Спать Ханна, безусловно, не будет: она никогда не спит днём.
Я выхожу, а мою спину догоняет недоуменный возглас:
— Уехал, совсем уехал! Совсем уехал, уехал совсем! Ком цу мир, майн киндер, ком цу мир. Уехал, а когда и куда — неизвестно. Совсем уехал. Не вернётся больше, уехал. А когда и куда — не сказал…
В коридоре беседуют Оресто и студентки, а мимо них проносится взбудораженная Риза. Риза умеет правильно выстраивать мизансцены: как только она протопала в сторону библиотеки, Оресто движением брови собирает студенток в кучку и ведёт за ней.
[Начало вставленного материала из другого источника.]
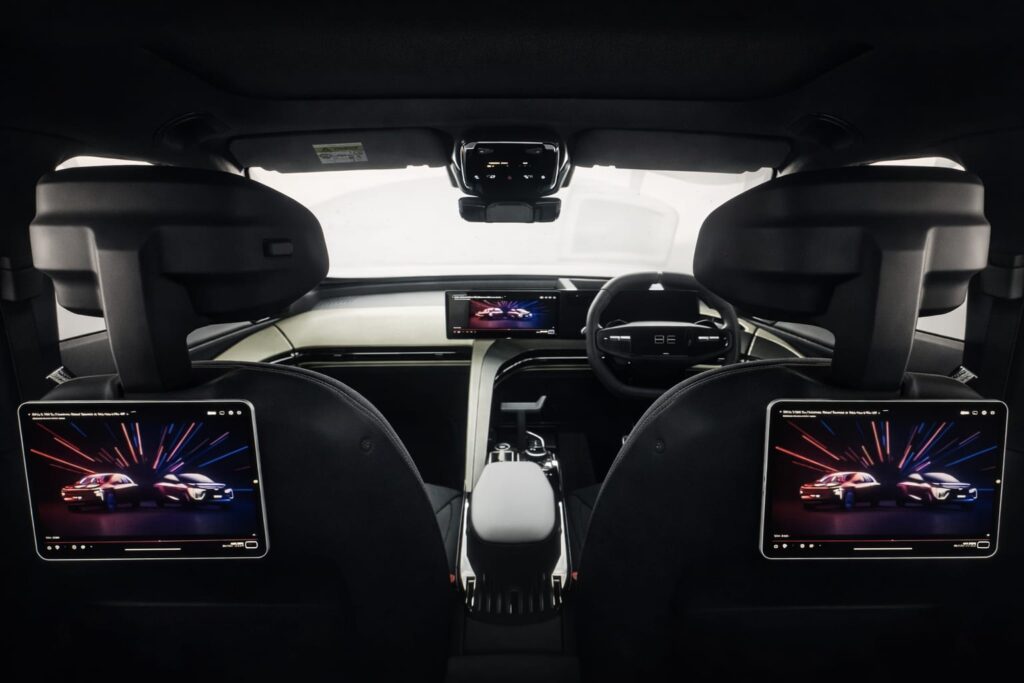 BE 6 ka interior clean, dual-tone aur soft-touch materials ke saath premium feel deta hai.
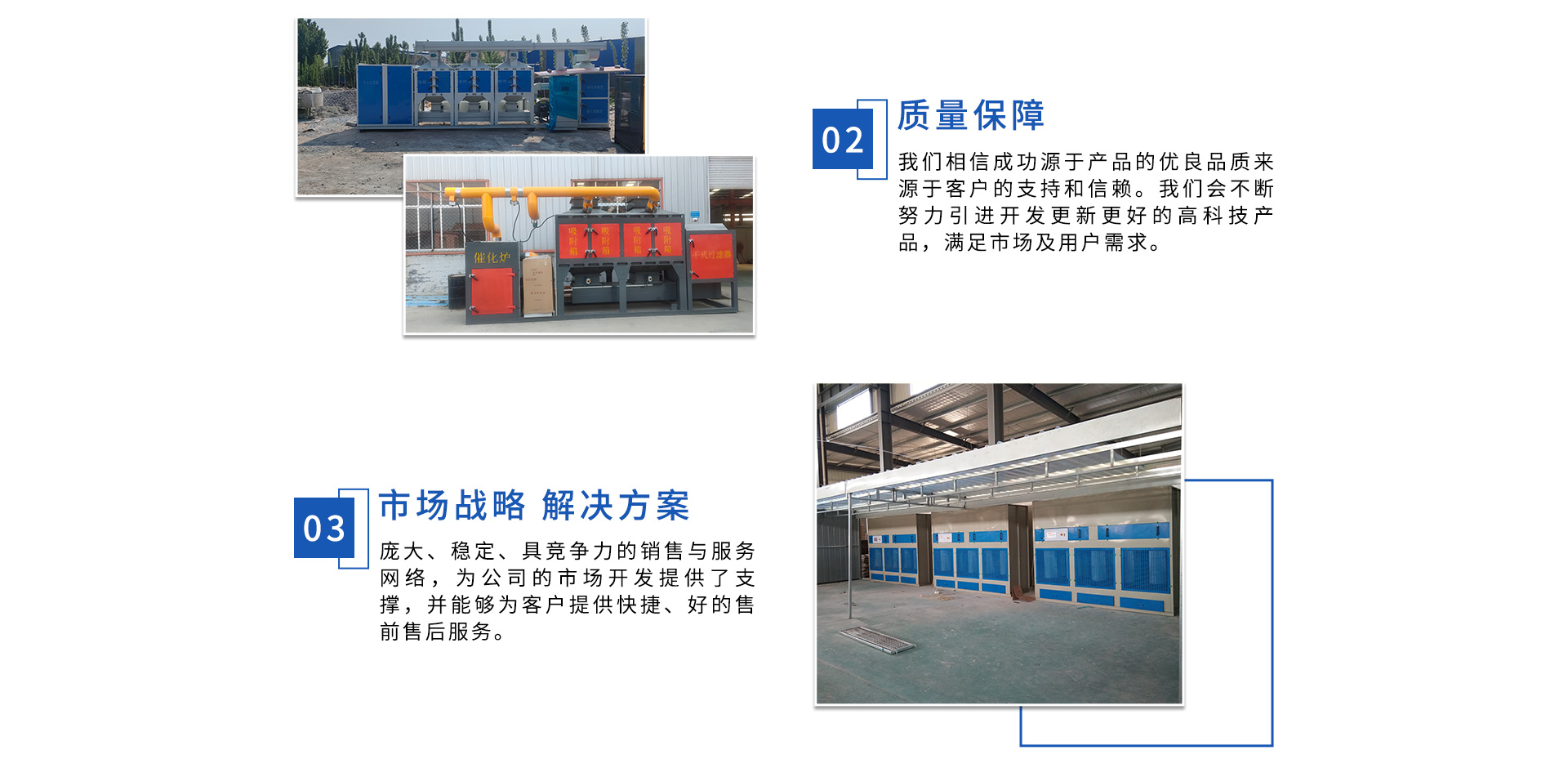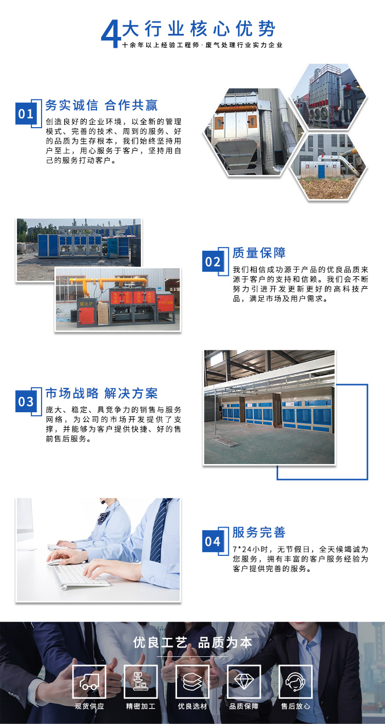 公司自成立以來(lái),始終專注于工業(yè)廢氣、污水、粉塵等環(huán)境污染的治理,先后研發(fā)出催化燃燒設(shè)備、光氧催化廢氣處理設(shè)備、低溫等離子廢氣處理設(shè)備、粉塵處理-體化設(shè)備等一系列環(huán)保設(shè)備,產(chǎn)品先后通過ISO901質(zhì)量管理體系認(rèn)證、中國(guó)環(huán)境保護(hù)產(chǎn)品認(rèn)證。
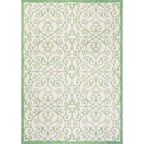 Madrid Vintage Filigree Textured Weave Cream/Green 5 ft. x 8 ft. Indoor/Outdoor Area Rug

Я, естественно, иду следом.
Риза жизнерадостно вламывается в библиотеку и застаёт там одного Йошку, остальные разбрелись кто куда. Впрочем, Ризе Йошка и нужен. Она встаёт перед ним в позу жреца у престола и дёргает за рукав. Оресто и студентки стоят в дверях.
— Йошка! — приплясывает Риза, и короткие седые волосы скачут у неё на голове, — Йошка, я тебе что-то сейчас скажу! Ты сейчас от удивления свалишься с кресла, Йошка!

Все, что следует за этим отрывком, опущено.